Written evidence submitted by ALACE (the Association of Local Authority Chief Executives and Senior Managers) (ENT 60)

ENTERPRISE BILL (HL)

ALACE (the Association of Local Authority Chief Executives and Senior Managers) is a registered trade union whose approximately 300 members comprise heads of paid service and other senior managers in local authorities throughout the UK, and other agency chief executives associated with local government. The Council of ALACE forms the staff side of the Joint Negotiating Committee for Chief Executives, the body responsible for the salary and terms and conditions of employment for chief executives. The Association also represents the interests of its members in responding to draft legislation and regulations which affect the role of the head of paid service and other senior officers, together with issues such as the reorganisation of local government.

Introduction

1. ALACE’s members - and many other staff in local government - would be affected by the proposals in Clause 35 of the Enterprise Bill in respect of restriction on public sector exit payments. ALACE therefore welcomes the opportunity to give evidence on the restriction on public sector exit payments, and we hope that Members of the Committee will give careful consideration to the impact this Clause may have.

2. ALACE is particularly concerned with the detail of the proposed cap on public sector exit payments. We recognise that the Government can claim an electoral mandate for "[ending] taxpayer-funded six-figure payoffs for the best paid public sector workers." (p.49 of the Conservative manifesto for the General Election, 2015). However we believe that the Government’s detailed proposals go beyond what most people would have understood the Manifesto to have meant; and that they give rise to significant transitional and other issues that the Government has not addressed or explained.

CLAUSE 35: RESTRICTION ON PUBLIC SECTOR EXIT PAYMENTS

3. ALACE echoes the concerns expressed by UNISON and others that these proposals will significantly hinder negotiations and agreements necessary to public service reorganisations and proposed "efficiency savings". They will also have a negative impact on employer flexibility, industrial relations and staff morale at a time of huge change.

4. We share UNISON’s concern (set out in their written evidence to the Committee) that the proposals in the Bill will affect many staff on low to moderate salaries if they have given long service to the public sector. We also believe that the proposals would have an unjustified and unduly punitive effect on higher paid staff by including pension strain payments within the definition of exit payments.

5. The proposals in the Bill to cap public sector exit payments conflate two different sets of circumstances through which staff are compensated for leaving a job: those where organisations use a payment as an alternative to legal claims (early conciliation), and those where jobs are removed and staff are made redundant.

6. Early conciliation is generally used in situations where an employer would otherwise need to respond to litigation. The Government recently introduced a mandatory legal duty to attempt early conciliation prior to engaging in Employment Tribunals in recognition of the burden such tribunals place on employers and employees alike - not least the financial burdens of the litigation process itself.
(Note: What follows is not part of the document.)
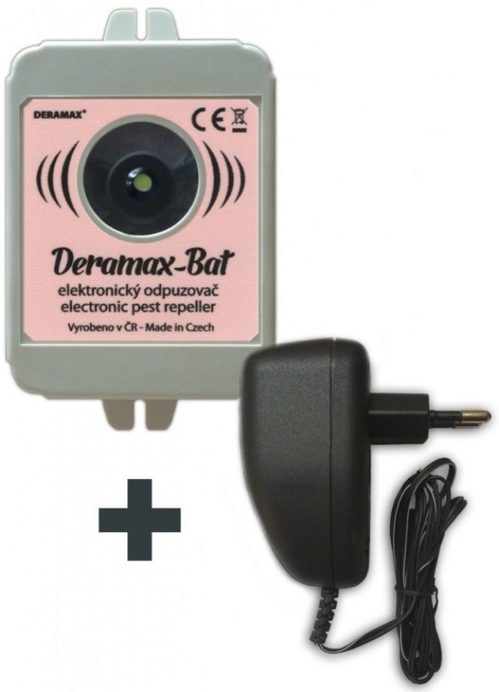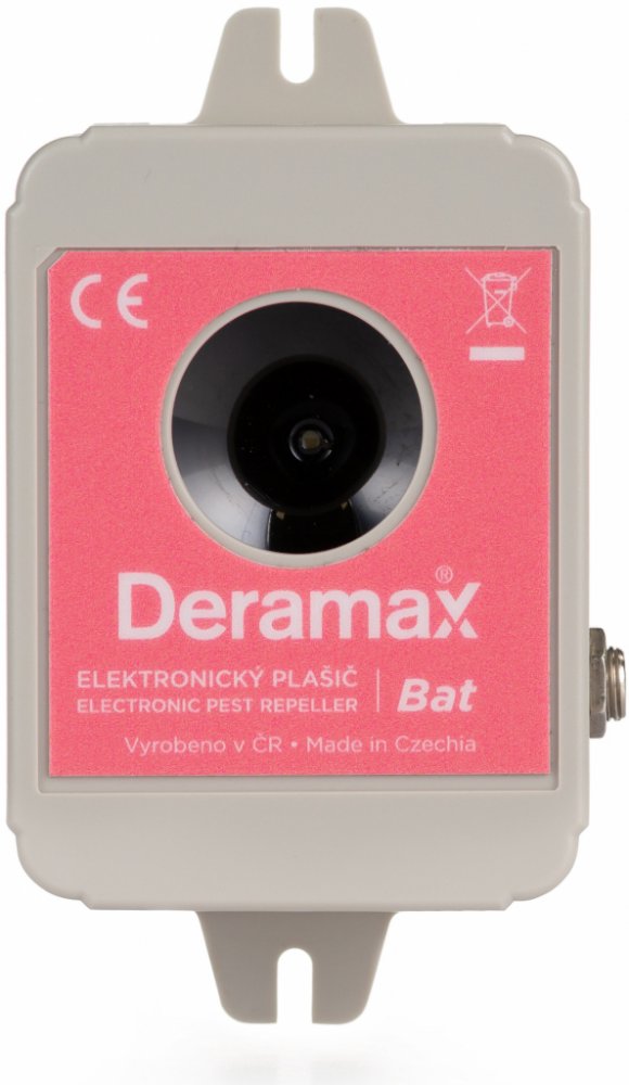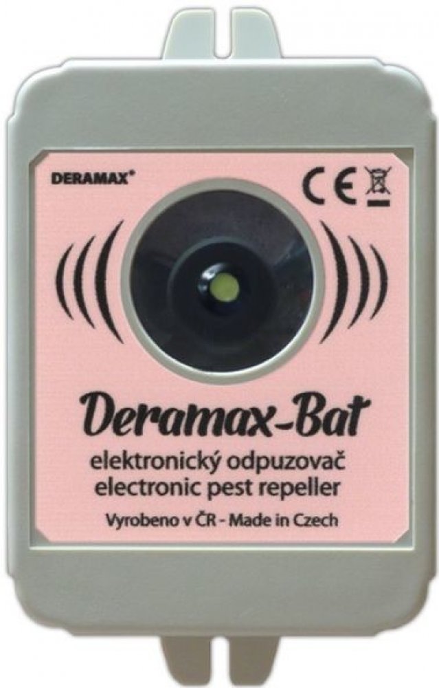 Instalace a rozsah účinnosti plašiče Deramax-Bat: Instalace odpuzovače-plašiče netopýrů spočívá pouze v jeho umístění do prostoru určeného k ochraně a připojení napájecího zdroje, jinak pracuje zcela automaticky a není potřeba žádné nastavovanie.Rozsah účinnosti tohoto odpuzovače-plašiče netopýrů, je při použití ve vnitřních prostorách podle členitosti prostor až do 500m2.Pri použití ve venkovních prostorách je dosah až 21metrů v úhlu cca 90stupňov.Pozn.Díky speciální konstrukci odpuzovače je úhel záběru vyzařovaného signálu ve vzdálenosti několika metrů od přístroje rozšířen až na 180stupňů.Ultrazvukový odpuzovač netopýrů Deramax-Bat lze použít ve vnitřních i venkovních priestoroch.Zariadenie je odolné vůči vlhkosti, avšak v případě využití ve venkovních prostorách je bezpodmínečně nutné chránit přístroj před přímým vlivem deště a snehu.Technické údaje odpudzova e-plašiče Deramax-Bat: Napájení: Externí síťový stabilizovaný zdroj 12V ss. (Není součástí dodávky) Průměrný příkon: 2W (náklady na měsíční provoz = cca 10Kč) Dosah ve venkovních prostorách: až 21metrů. Úhel záběru 90stupňů (180stupňů) Okolní teplota: -20st.C až 60st.CRozmery: 105x60x40mm (s montážními úchyty) Hmotnost: 0,068kgVyrobené v ČR! Proč koupit právě odpuzovač-plašič netopýrů Deramax-Bat? Deramax-Bat je kvalitní ultrazvukový odpuzovač netopýrů , který generuje intenzivní ultrazvukové signály se specifickým tvarem a rozsahem frekvencií.Jedná se o výkonné zařízení určené k vymezení pohybu netopýrů v rámci chráněného priestoru.Jedná se skutečně o Český produkt? Odpuzovač-plašič Deramax-Bat je vyráběn ve shodě s normou ČSN EN ISO 9001: 2001 a to fyzicky na území SR.Výroba odpuzovače Deramax-Bat je řešena také s ohledem na životní prostředí a možnost jednoduché recyklácie.Súčasťou prohlášení o shodě je také deklarace RoHS kompatibility, kterou dodržujeme a která vylučuje použití olovnatých a jiných toxických materiálů.

7. The proposals as they stand seem to conflict directly with the Government’s recognition and promotion of the many benefits of early conciliation settlements. The concern is that to place a cap on settlements made by means of the early conciliation process would create a perverse incentive for employees to avoid settlement at that stage.

8. This seems completely at odds with the Government’s desire to reduce red tape and regulations, leading to an increase in litigation, bureaucracy and administration costs which would have to be funded by taxpayers.

Summary of changes ALACE is seeking

9. ALACE would like to see the following changes made to the Bill:

(a) ideally, payments made by an employer to a pension fund in order to reduce or eliminate an actuarial reduction to a pension on early retirement ("pension strain") should be excluded from the exit payment calculations altogether.

(b) if exclusion of pension strain payments is not possible for reasons that the Government needs to explain, then the way in which such payments are taken into account needs to reflect that they are not cash sums paid to individual employees and that there are fairer ways in which they might be taken into account in calculating whether the limit on an exit payment has been reached.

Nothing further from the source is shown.